Lots of pirate ships, bubbling treasure chests, plastic volcanoes, flashing led lights, and the mandatory plastic diver. 
I'm not that great at aquascapeing yet, so I'll leave this to others.


----------



## Bowles42 (Mar 5, 2008)

My suggestion would be to look through aquascapes either in books or online and figure out which ones you like best and then emulate that style. 

I find that you can use many species or few, or even one, and still have an impressive scape. It's bringing the aquascape together that is challenging, so that nothing looks odd or out of place.


----------



## pfertz (Jun 26, 2007)

It really depends on the style you like. Aquascaping is VERY subjective, like any art. The best bet would be to find a style you like & study the aesthetics, then go from there. Are there any specific aquascapes that you find particularly appealing?


----------



## JL15219 (Nov 10, 2008)

pfertz said:


> It really depends on the style you like. Aquascaping is VERY subjective, like any art. The best bet would be to find a style you like & study the aesthetics, then go from there. Are there any specific aquascapes that you find particularly appealing?


No I have seen several very nice looking ones....I guess I just need to look


----------



## JL15219 (Nov 10, 2008)

tominator said:


> Lots of pirate ships, bubbling treasure chests, plastic volcanoes, flashing led lights, and the mandatory plastic diver.
> I'm not that great at aquascapeing yet, so I'll leave this to others.

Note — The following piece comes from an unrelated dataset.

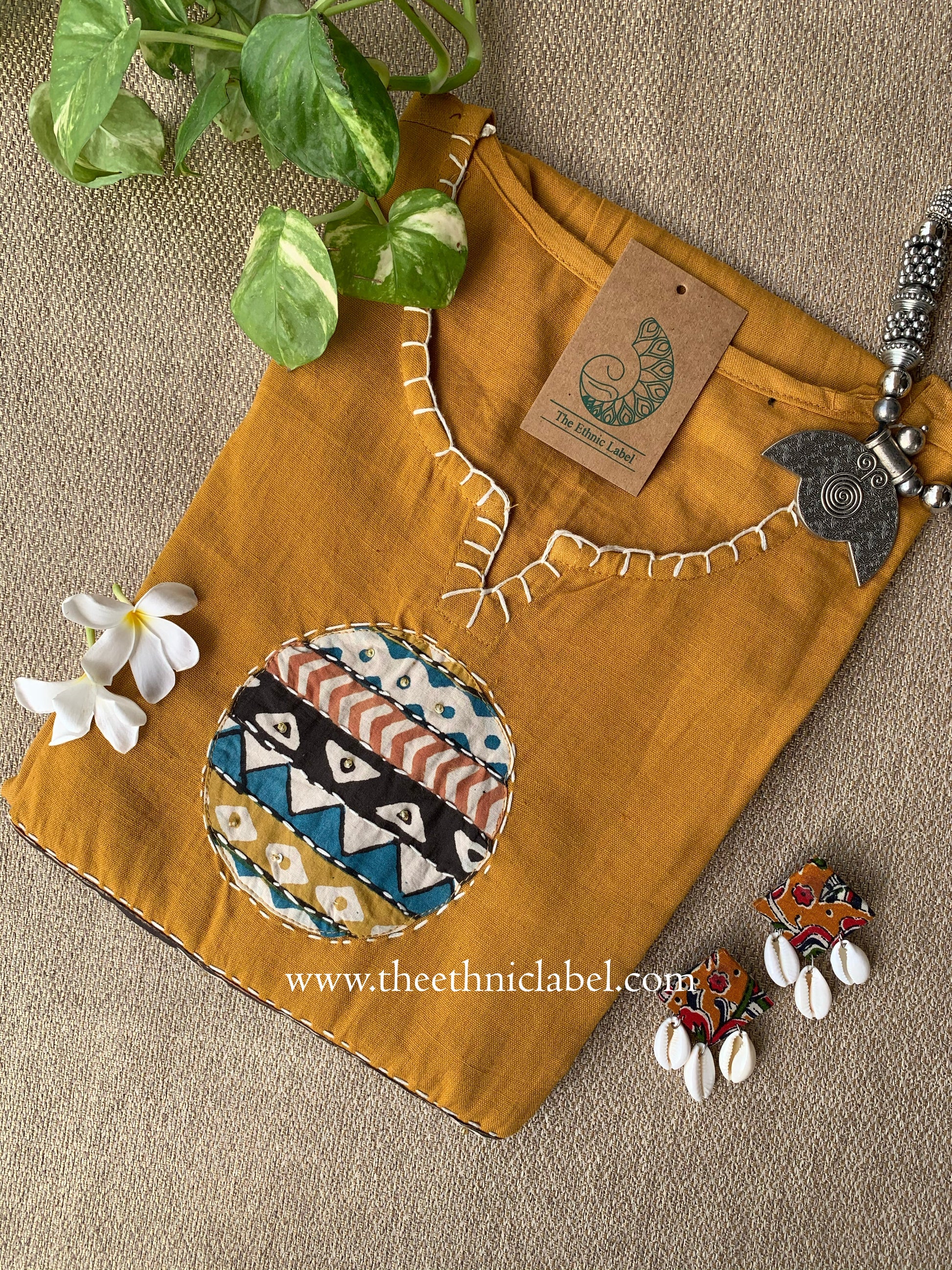 Minimal, classic and chic, this kurta is designed for all the days you want to keep things special and subtle. Inspired by the art of Hand Block Printing, this kurta is a piece of art. The kurta comes with a unique print and has a beautiful patchwork in the yolk area, that gives an elevated touch to its royal colour and pure cotton fabric.The kurta has a unique "A" line pattern.

LOL I think I like this the best LOL


----------



## NeonShrimp (Mar 9, 2006)

JL15219 said:


> LOL I think I like this the best LOL


Me too, I would have that exact setup if I weren't into live plants


----------



## JL15219 (Nov 10, 2008)

Maybe if someone could suggest some good websites for aquascaping that would be great


----------



## pfertz (Jun 26, 2007)

Not trying to take traffic away from PT, but aquascapingworld.com has an good number of very talented aquascapers. You're sure to find inspiration there!


----------



## imeridian (Jan 19, 2007)

I love it, this aquascaping subforum still has the new car smell and already the suggestion to go somewhere else.


----------



## sewingalot (Oct 12, 2008)

I really like the old school...Dutch style. This means you can cram a ton of different types in the tank together- lol! However, I have too many species. Sometimes I think a few types could be more cohesive and beautiful.


----------



## Green Leaf Aquariums (Feb 26, 2007)

This is a difficult question to answer. Its kinda like describing a haircut over the phone...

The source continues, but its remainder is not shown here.